Their first solution involved expanding the number of players on each team to 6. The 6th person on a team would have to draft a champion as normal and then be trusted to not participate in the game. They had to just stand around in the base and watch in order to have the game broadcast over the internet. I remember watching an early tournament where the casters were worried about impacting the game by dying to a high level Karthus. (His ultimate hits all enemy champions and could kill a level 1 player in one hit!) They ended up buying survival items with the slowly accumulating gold and managed to not die. Then they added in a special summoner spell which removed your hero and gave complete vision of the map. This worked reasonably well but that summoner spell was still only available on their tournament realm.

More recently they added in a spectator mode to the tournament realm where spectators could see lots of interesting stats as the game progressed. The spectators were delayed by 3 minutes (to prevent players from watching the stream in another window I guess) and could see cool information like the exact amount of gold each champion had on hand, and ever earned. You could see total gold by team. An easy count of the number of turrets. Clicking on an individual champion would let you see what rank they had in each of their skills and you could even look at their detailed stats page to get some insight into what runes/masteries they may have taken. Pretty cool stuff. This spectator mode was added to the live client for custom games as well.

The spectator mode added yesterday has all that stuff included in it but also comes with two new and super cool features. In other games (like, say, Starcraft 2) you have to be added to the game when it was created to observe the game and you're stuck watching it as the game progresses. The new League of Legends mode allows you to rewind as you're watching! Get a notification that someone died while you were looking elsewhere? Rewind and change where your camera is located! You're already delayed 3 minutes from the real time of the game so it isn't really functionally different if you delay yourself an extra 30 seconds from real time, is it? Need to go to the bathroom? Pause the game! Want to fast forward? You can do that too!

They added in AI for the camera as well which tries to center on the action. I found it jumped around a little too much and went to manually controlling the camera but I could see it being really useful for someone who didn't know what specifically they were looking for. I can only imagine that AI getting better as time goes on as well.

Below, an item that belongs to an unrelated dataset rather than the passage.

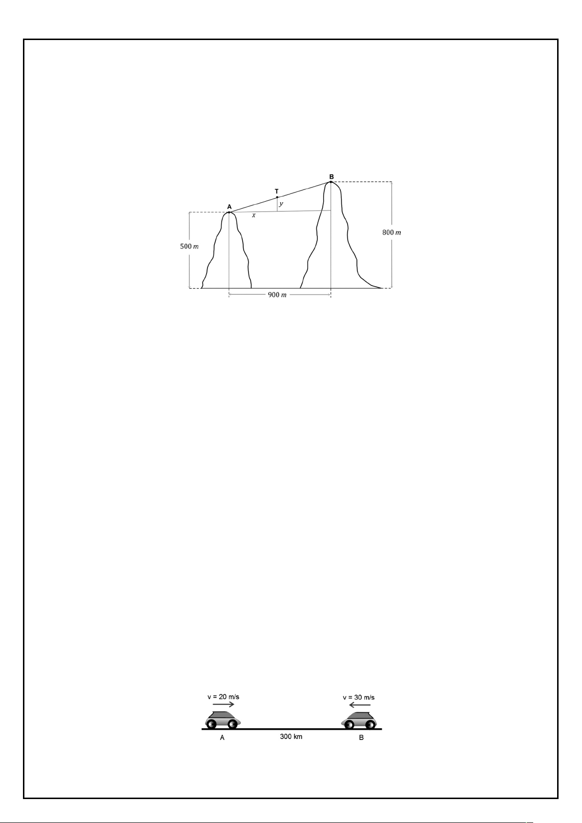 FÍSICA– 1o ano 01 - (FUVEST SP) Um teleférico transporta turistas entre os picos A e B de dois morros. A altitude do pico A é de 500 m, a altitude do pico B é de 800 m e a distância entre as retas verticais que passam por A e B é de 900 m. Na figura, T representa o teleférico em um momento de sua ascensão e x e y representam, respectivamente, os deslocamentos horizontal e vertical do teleférico, em metros, até este momento. a) Qual é o deslocamento horizontal do teleférico quando o seu deslocamento vertical é igual a 20m? b) Se o teleférico se desloca com velocidade constante de 1,5 m/s, quanto tempo o teleférico gasta para ir do pico A ao pico B? 02 - (UPE) Um automóvel vai de P até Q, com velocidade escalar média de 20 m/s e, em seguida, de Q até R, com velocidade escalar média de 10 m/s. A distância entre P e Q vale 1 km, e a distância entre Q e R, 2 km. Qual é a velocidade escalar média em todo o percurso em m/s? a) 15 b) 12 c) 9 d) 10 e) 20 03 - (FAVIP PE) A vazão de uma bomba de gasolina de um posto de combustível dá uma medida do volume de gasolina que é injetado no tanque de um automóvel por unidade de tempo. Suponha que uma bomba de gasolina tenha vazão constante de 50 litros por minuto. O tanque de combustível de um automóvel, de capacidade 40 litros, encontra-se inicialmente vazio. Quanto tempo demorará para encher um quarto do tanque do automóvel utilizando esta bomba? a) 10 s b) 12 s c) 30 s d) 45 s e) 60 s 04 - (UFGD) De duas cidades A e B, separadas por 300 km, partem dois carros no mesmo instante e na mesma direção, porém em sentidos opostos, conforme a figura a seguir. Os dois carros estão em movimento retilíneo uniforme. O carro da cidade A parte com velocidade inicial de 20 m/s; o carro da cidade B, 30 m/s. A distância da cidade A, quando os dois carros se cruzam, é? a) 100 km b) 120 km c) 150 km d) 180 km e) 200 km 05 - (ESPCEX) Um automóvel percorre a metade de uma distância D com uma velocidade média de 24 m/s e a outra metade com uma velocidade média de 8 m/s. Nesta situação, a velocidade média do automóvel, ao percorrer toda a distância D, é de: a) 12 m/s b) 14 m/s c) 16 m/s d) 18 m/s e) 32 m/s 06 - (UNIOESTE PR) O motorista de um caminhão percorre a metade de uma estrada retilínea com velocidade de 40 km/h, a metade do que falta com velocidade de 20 km/h e o restante com velocidade de 10 km/h. O valor mais próximo para a velocidade média para todo o trajeto é de a) 30,0 km/h. b) 20,0 km/h. c) 33,3 km/h. d) 23,3 km/h. e) 26,6 km/h. 07 - (UFRJ) João fez uma pequena viagem de carro de sua casa, que fica no centro da cidade A, até a casa de seu amigo Pedro, que mora bem na entrada da cidade B. Para sair de sua cidade e entrar na rodovia que conduz à cidade em que Pedro mora, João percorreu uma distância de 10 km em meia hora. Na rodovia, ele manteve uma velocidade escalar constante até chegar à casa de Pedro. No total, João percorreu 330 km e gastou quatro horas e meia. a) Calcule a velocidade escalar média do carro de João no percurso dentro da cidade A. b) Calcule a velocidade escalar constante do carro na rodovia. 08 - (UNIFOR CE) É dado o gráfico s x t para certo movimento retilíneo. A velocidade média no intervalo de 1,0 s a 4,0 s é, em m/s, a) 48 b) 16 c) −12 d) −16 e) −48 09 - (UFSCar SP) Um navio é responsável por verificar a energia mareomotriz de determinada região da costa. Na coleta de informações, o timoneiro traça uma rota rumo ao continente. Algum tempo depois, na cabine do capitão, um alarme alerta para as leituras feitas automaticamente pelo sonar, que mostram a rápida diminuição da profundidade do leito oceânico. Supondo que a inclinação do leito oceânico seja constante e sabendo que a quilha da embarcação está 3 m abaixo da linha d’água, se nenhuma atitude for imediatamente tomada, o encalhe irá ocorrer entre os instantes a) 1,0 minuto e 1,5 minutos. b) 1,5 minutos e 2,0 minutos. c) 2,0 minutos e 2,5 minutos. d) 2,5 minutos e 3,0 minutos. e) 3,0 minutos e 3,5 minutos. 10 - (FAMECA SP) Três amigos, João, Marcos e Sílvia, formaram uma equipe para disputar uma maratona de revezamento na qual deveriam correr, ao todo, 42 km, sendo que cada um deveria correr 14 km. No dia da prova, João correu sua parte com velocidade média de 10 km/h; Marcos, com 6 km/h e Sílvia, com 12 km/h. Pode-se afirmar que a velocidade média da equipe, em km/h, foi de, aproximadamente, a) 8,6. b) 8,9. c) 9,3. d) 9,6. e) 10,1. 11 - (FATEC SP) As teorias de fluxos de tráfego estudam as relações entre os veículos, as vias e a infraestrutura disponível. Como as características do tráfego variam no tempo e no espaço, os estudos costumam adotar valores médios, sendo que essas médias podem ser temporais ou espaciais. Características fundamentais do tráfego Fluxo (F), em veículos/hora: é o número de veículos que atravessam uma determinada seção transversal de uma via na unidade de tempo. Densidade (D), em veículos/quilômetro: é o número de veículos que, em certo momento, ocupam uma dada extensão de uma via. Velocidade Média (V), em quilômetros/hora: D F V = Espaçamento (E), em metros/veículo: é a distância entre a parte dianteira de um veículo e a parte dianteira do veículo subsequente, que trafegam em uma mesma faixa. (www.transportes.ufba.br/.../Estudos_de_Trafego_Variaveis_do_Trafego.doc Acesso em: 11.03.2011. Adaptado) Considere que em uma certa avenida, passam em média 2 400 veículos por hora, com velocidade média de 60 km/h. Sendo assim, o espaçamento médio entre dois veículos que ocupam posições consecutivas em uma mesma faixa é, em metros, a) 25. b) 30. c) 35. d) 40. e) 45. 12 - (FATEC SP) Numa viagem de carro de São Paulo a Santos, percurso de aproximadamente 60 km, um motorista é informado pelo rádio que o tempo médio de viagem é estimado em 45 minutos. Considerando que ele chegue a Santos no tempo previsto, a velocidade média

Perhaps most importantly they also set it up so you can drop in on a running game and start spectating in the middle. If a caster got disconnected right at the start of the game they can jump back in without worry. The really cool part of this feature is you don't have to be invited to spectate a game. If one of your friends is playing a game you can hop in and watch them play! (3 minutes delayed, of course.) It doesn't even have to be one of your friends playing... They set up a system where high ranked games just show up in a window of the client. Want to jump in and watch some pros play? You can do it! They don't get notified that you're watching them and chat messages between spectators and players are blocked. As far as they're concerned you don't exist. But you still get to watch them play and check out their builds!

I particularly like how it should make getting a team together for a ranked game easier. Sometimes I'll get on and half a team is already playing a game. Should I wait for them to finish (and get bored/fall asleep/wander away) or play a game of my own? Now I can jump in and watch their game! If I can get into their Skype call I can even heckle them for mistakes made 3 minutes in the past!